À travers les hauts et les bas d’une vie en montagnes russes, rien ne peut empêcher James Di Salvio de danser. Bienvenue dans The Garden, quatrième album de Bran Van 3000.

Tenez-vous-le pour dit, Bran Van 3000 est de retour pour rester. Penser que l’échec commercial de son dernier disque, Rosé (2007), ou les déboires du leader James Di Salvio (en faillite personnelle) renverraient le groupe dans un long hiatus comme celui qui a suivi la parution de Discosis en 2001 est bien mal connaître la faculté de rebondir du chanteur et instigateur du projet.

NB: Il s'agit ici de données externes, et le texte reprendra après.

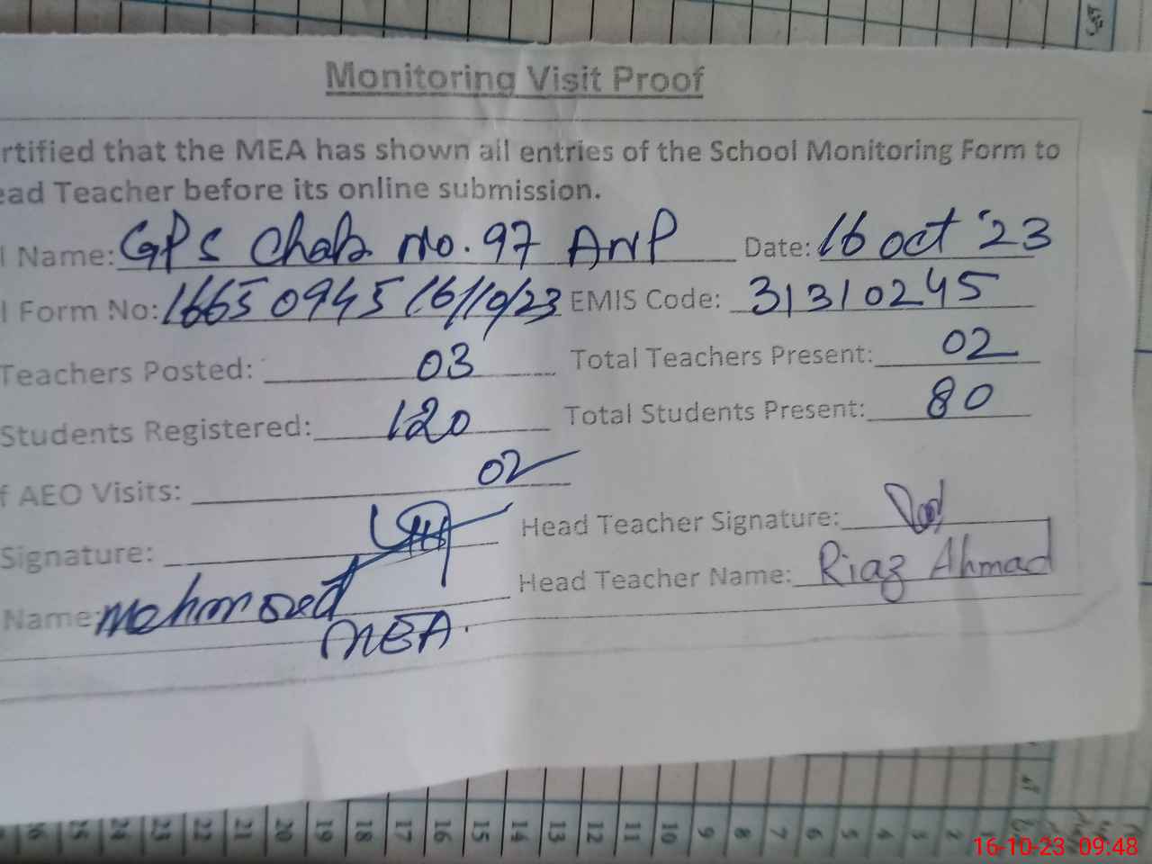 | Attendance Register | Head Teacher | MEA with School | Visit Proof |

Moqueur et lucide bien qu’éternel rêveur, James Di Salvio n’est pas le genre d’artiste pour qui les entrevues sont l’occasion de sortir une cassette pleine de réponses creuses et clichées. Invité dans nos bureaux pour faire la promotion du quatrième album du collectif, The Garden, à paraître la semaine prochaine, le musicien ne se défile devant aucune question. "J’étais très jeune lorsque j’ai compris que j’étais d’une nature extrême", confiera-t-il à propos des hauts et des bas vécus ces dernières années. "Mes down sont vraiment écrasants, et mes up, d’une totale euphorie. Quand rien ne va, j’aime me rappeler une citation de Muhammad Ali lorsqu’on lui a demandé comment il comptait battre George Foreman, un adversaire nettement plus fort que lui: "I am gonna dance, I am gonna dance." C’est la même chose: la musique continue, et je danse en me disant que des gens vivent des drames bien pires que les miens. Et ceux qui jugent de la pertinence de nos albums en fonction du nombre de succès commerciaux (lire Drinking in L.A.) qu’on y retrouve n’ont pas compris l’essence même de Bran Van. Au début ça me touchait dans mon ego profond, mais j’ai appris à en rire."

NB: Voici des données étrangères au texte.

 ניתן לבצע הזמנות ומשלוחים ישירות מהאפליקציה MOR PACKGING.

En marge des bombes radiophoniques, Bran Van est avant tout une constante conversation entre la musique pop et le party, ce que Di Salvio appelle le boogie. Majoritairement confectionné à Montréal, "à la maison, dans le jardin", The Garden ramène les EP Bergen, Stephane Moraille, Sara Johnston et Liquid, en plus de laisser une place de choix aux producteurs de Troublemakers (Marc Bell et Cristobal Tapia de Veer). Même Alexandre Désilets participe à ce tourbillon de soul, de house, de funk, de hip-hop, de rock et de reggae. "Pour nous, le studio est un soundsystem, un club. Les portes sont ouvertes, le monde passe. Tu as les réguliers, tu as les nouveaux, tu as ceux qui restent longtemps, d’autres qui ne préfèrent boire qu’un seul verre. Tout ça m’enlève beaucoup de pression et me permet d’envisager la composition dans la joie."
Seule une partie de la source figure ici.